*Source data:*

★ ★ ★

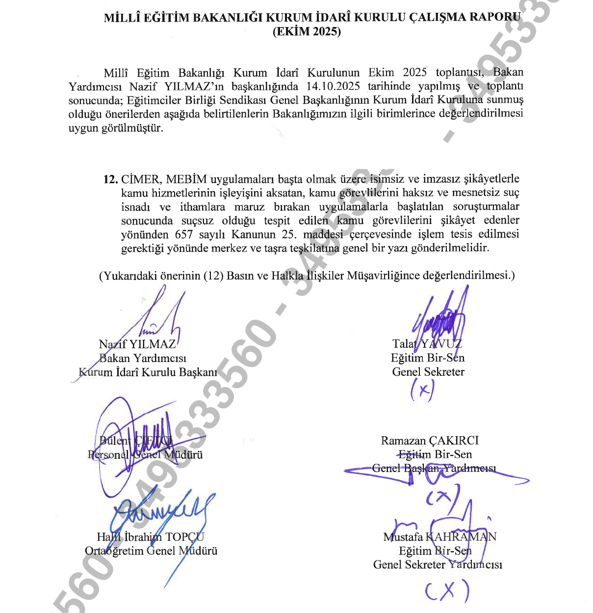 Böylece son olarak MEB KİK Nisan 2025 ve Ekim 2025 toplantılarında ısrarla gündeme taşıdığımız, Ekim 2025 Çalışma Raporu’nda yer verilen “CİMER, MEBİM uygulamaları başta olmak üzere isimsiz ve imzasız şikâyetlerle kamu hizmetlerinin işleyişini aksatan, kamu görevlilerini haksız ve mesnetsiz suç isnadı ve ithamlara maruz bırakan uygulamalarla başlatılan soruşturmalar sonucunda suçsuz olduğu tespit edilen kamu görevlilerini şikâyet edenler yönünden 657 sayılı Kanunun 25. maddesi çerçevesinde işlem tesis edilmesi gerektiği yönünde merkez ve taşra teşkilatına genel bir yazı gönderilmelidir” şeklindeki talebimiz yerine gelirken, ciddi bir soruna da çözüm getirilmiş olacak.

★ ★ ★

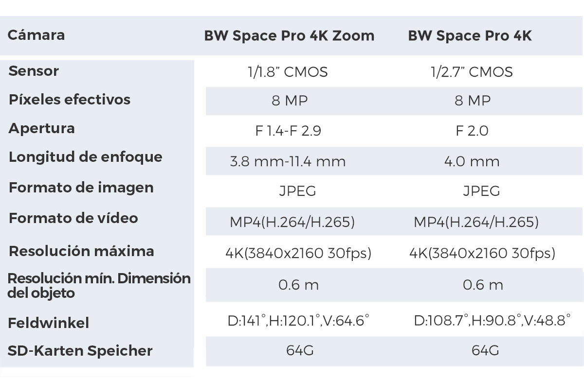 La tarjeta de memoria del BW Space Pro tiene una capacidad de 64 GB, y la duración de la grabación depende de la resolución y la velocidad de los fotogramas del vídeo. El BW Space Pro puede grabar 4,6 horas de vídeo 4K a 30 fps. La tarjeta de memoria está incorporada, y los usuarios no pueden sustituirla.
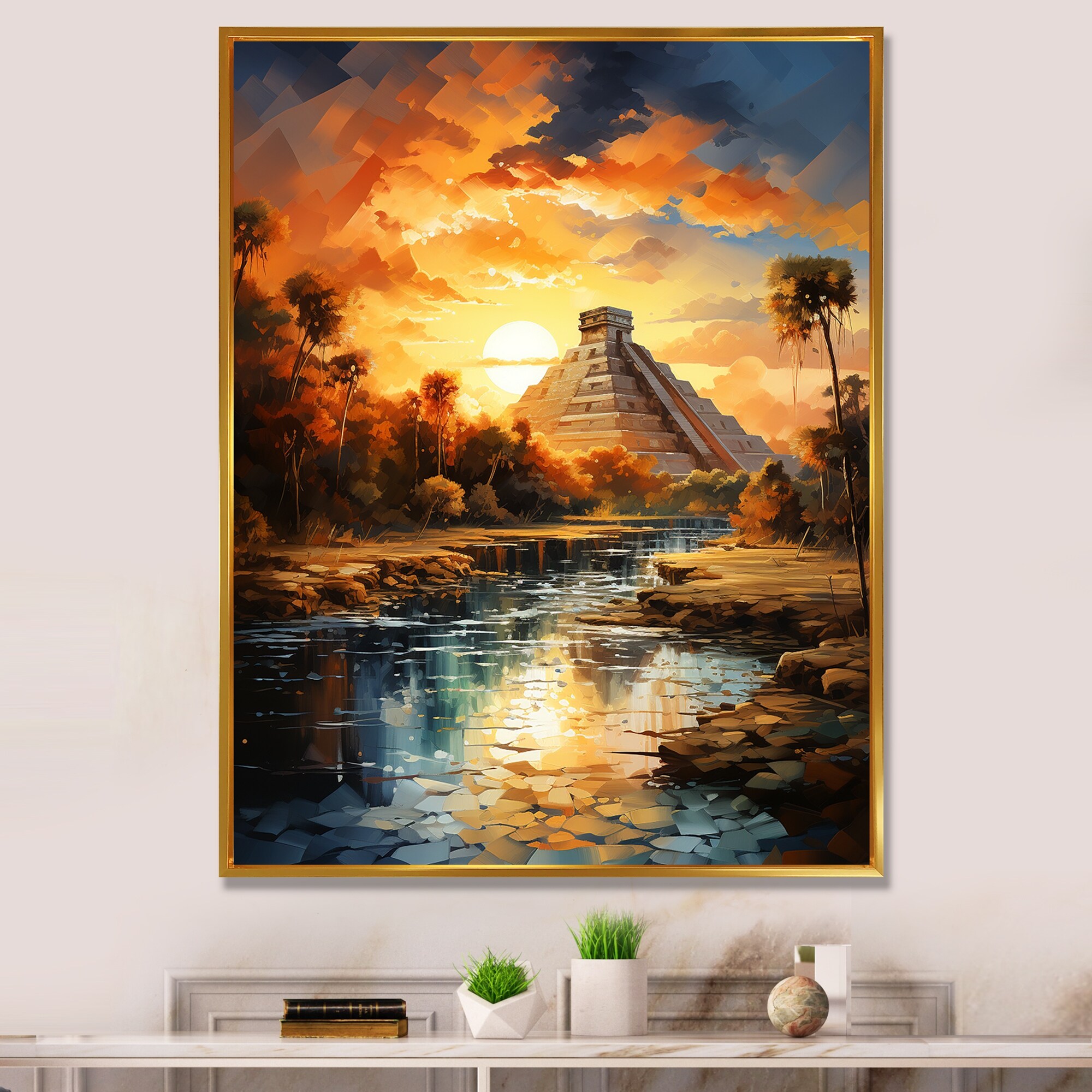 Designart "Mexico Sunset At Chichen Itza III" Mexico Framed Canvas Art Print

★ ★ ★

Set down again, word for word, every line from the one with "La tarjeta de memoria del" to the one with "Canvas Art Print" in the entries above, and omit the pictures.

*Response to this task:*
 La tarjeta de memoria del BW Space Pro tiene una capacidad de 64 GB, y la duración de la grabación depende de la resolución y la velocidad de los fotogramas del vídeo. El BW Space Pro puede grabar 4,6 horas de vídeo 4K a 30 fps. La tarjeta de memoria está incorporada, y los usuarios no pueden sustituirla.
 Designart "Mexico Sunset At Chichen Itza III" Mexico Framed Canvas Art Print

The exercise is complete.